この原子炉用制御棒を沸鷹水型原子炉等の炉心部に挿入
すると、収容穴に充填した中性子吸収材は中性子の照射
を受け、中性子吸収能力を次第に失うため、所定期間の
運転に供した後に定II的に交換される。When this control rod for a nuclear reactor is inserted into the core of a boiling water reactor, etc., the neutron absorbing material filled in the accommodation hole is irradiated with neutrons and gradually loses its neutron absorption ability. After that, it is exchanged regularly.
(発明が解決しようとする問題点)
ところで・、原子炉の炉心部において使用される制御棒
は、各ウィングの全面に亘って一様に中性子照射を受け
るものではなく、例えば各ウィングの挿入先端領域およ
び側縁領域は、強麿の中性子照射を受ける。そのため、
その領域に充填された中性子吸収材は多量の中性子を吸
収して他領域より〒く消耗し、早期に核的寿命を終える
。したがって、他領域に充填された中性子吸収材がまだ
十分核的寿命を残しているにも拘らず、原子炉用1、I
I tit棒全体を放射性廃棄物として廃棄しなIJれ
ばならない不経済性があり、一方、交換頻度が八いと交
換作業を行なう作業員の被曝線岳も増大する問題点も考
えられる。(Problem to be solved by the invention) By the way, the control rods used in the core of a nuclear reactor are not irradiated with neutrons uniformly over the entire surface of each wing. The region and the lateral edge regions receive intense neutron irradiation. Therefore,
The neutron absorbing material filled in that area absorbs a large amount of neutrons and is consumed more than other areas, ending its nuclear lifespan earlier. Therefore, even though the neutron absorbing materials filled in other regions still have sufficient nuclear life remaining,
There is an uneconomical problem in that the entire I tit rod must be disposed of as radioactive waste, and on the other hand, there is also the problem that if it is replaced less frequently, the radiation exposure of the workers who perform the replacement work will increase.
また、従来の原子炉用ill m棒は、ウィングの全領
域に亘って中性子吸収材を均一な!度で充填しており、
軸方向の中性子吸収能力すなわち反応度が等しく調製さ
れているが、前記のように中性子照射ωの不均一によっ
て経時的に反応度にばらつきを生じ、原子炉の運転ザイ
クル末期においては部分的に原子炉停止余裕が低下する
可能性がある。

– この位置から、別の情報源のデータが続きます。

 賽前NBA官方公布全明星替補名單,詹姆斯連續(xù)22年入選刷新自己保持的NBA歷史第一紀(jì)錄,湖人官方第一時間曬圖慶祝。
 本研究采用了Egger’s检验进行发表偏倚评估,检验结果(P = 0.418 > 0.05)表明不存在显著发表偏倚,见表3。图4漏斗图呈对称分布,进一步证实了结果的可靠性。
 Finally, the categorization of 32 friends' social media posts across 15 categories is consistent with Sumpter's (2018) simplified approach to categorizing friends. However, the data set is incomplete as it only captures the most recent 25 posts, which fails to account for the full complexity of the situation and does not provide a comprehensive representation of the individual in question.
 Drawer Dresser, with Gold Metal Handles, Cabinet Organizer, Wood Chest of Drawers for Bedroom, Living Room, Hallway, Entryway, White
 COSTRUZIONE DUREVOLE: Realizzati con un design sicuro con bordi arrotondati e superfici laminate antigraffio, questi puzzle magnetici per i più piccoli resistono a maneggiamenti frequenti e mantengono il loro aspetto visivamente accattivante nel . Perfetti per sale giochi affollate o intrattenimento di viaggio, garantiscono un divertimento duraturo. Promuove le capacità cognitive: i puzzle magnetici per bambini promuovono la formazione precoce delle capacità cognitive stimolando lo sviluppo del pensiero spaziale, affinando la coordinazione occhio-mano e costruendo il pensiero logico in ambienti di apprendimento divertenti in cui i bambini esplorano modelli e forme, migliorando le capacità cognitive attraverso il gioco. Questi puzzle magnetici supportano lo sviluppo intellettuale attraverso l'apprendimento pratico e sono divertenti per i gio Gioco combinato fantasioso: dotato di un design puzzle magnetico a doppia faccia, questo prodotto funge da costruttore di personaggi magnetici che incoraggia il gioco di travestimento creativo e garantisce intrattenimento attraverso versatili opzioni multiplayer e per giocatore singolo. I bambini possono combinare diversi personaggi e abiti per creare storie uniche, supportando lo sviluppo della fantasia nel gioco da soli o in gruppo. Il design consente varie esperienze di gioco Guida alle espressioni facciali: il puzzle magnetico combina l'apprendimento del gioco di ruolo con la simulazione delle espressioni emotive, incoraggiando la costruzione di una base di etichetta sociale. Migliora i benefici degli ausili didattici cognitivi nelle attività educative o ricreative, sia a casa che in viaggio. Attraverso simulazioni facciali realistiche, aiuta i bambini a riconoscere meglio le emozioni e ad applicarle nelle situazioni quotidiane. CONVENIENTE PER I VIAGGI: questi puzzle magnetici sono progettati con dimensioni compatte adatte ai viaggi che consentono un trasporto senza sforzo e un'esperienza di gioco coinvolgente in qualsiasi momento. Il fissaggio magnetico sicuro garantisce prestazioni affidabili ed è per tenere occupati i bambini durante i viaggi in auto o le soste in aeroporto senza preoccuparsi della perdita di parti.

In addition, conventional illumination rods for nuclear reactors uniformly distribute the neutron absorbing material over the entire area of the wing! It is filled with
The neutron absorption capacity, that is, the reactivity in the axial direction, is adjusted to be equal, but as mentioned above, the reactivity varies over time due to the non-uniformity of neutron irradiation ω, and at the end of the reactor operation cycle, some atoms The margin for reactor shutdown may decrease.
すなわち、上記の原子炉用υ制御棒を使用して原子炉を
所定期間運転した場合における原子炉停止余裕(未臨界
度)の炉心軸方向分布は、燃料集合体の設計仕様または
原子炉の運転方法によって若干の相違を生じるが、基本
的には第2図(A)に示寸分布となる。すなわら、原子
炉停止余裕は炉心の−L端および下端において大きく、
一方、上D′Jより若干下った位置において最小の値を
とる。この原因としては、次のことが考えられる。In other words, when the reactor is operated for a predetermined period using the above-mentioned υ control rod for a nuclear reactor, the distribution of the reactor shutdown margin (subcriticality) in the core axis direction is determined by the design specifications of the fuel assembly or the operation of the reactor. Although there are some differences depending on the method, basically the indicated size distribution is shown in FIG. 2(A). In other words, the reactor shutdown margin is large at the -L end and bottom end of the core,
On the other hand, the minimum value is taken at a position slightly below the upper D'J. Possible causes of this are as follows.
原子炉炉心の軸方向長さをLとした場合、下端から3/
4Lから上端にかけての上端領域においては、運転時の
気泡発生率(ボイド率)が高く、炉の出力密度が若干低
下するため、核分裂性物質である質量数235のウラン
(jJ−235)の残存ωが比較的多く、また発生する
気泡(ボイド)によって中性子スペクトルの硬化現象を
生じる。If the axial length of the reactor core is L, then 3/3 from the bottom end.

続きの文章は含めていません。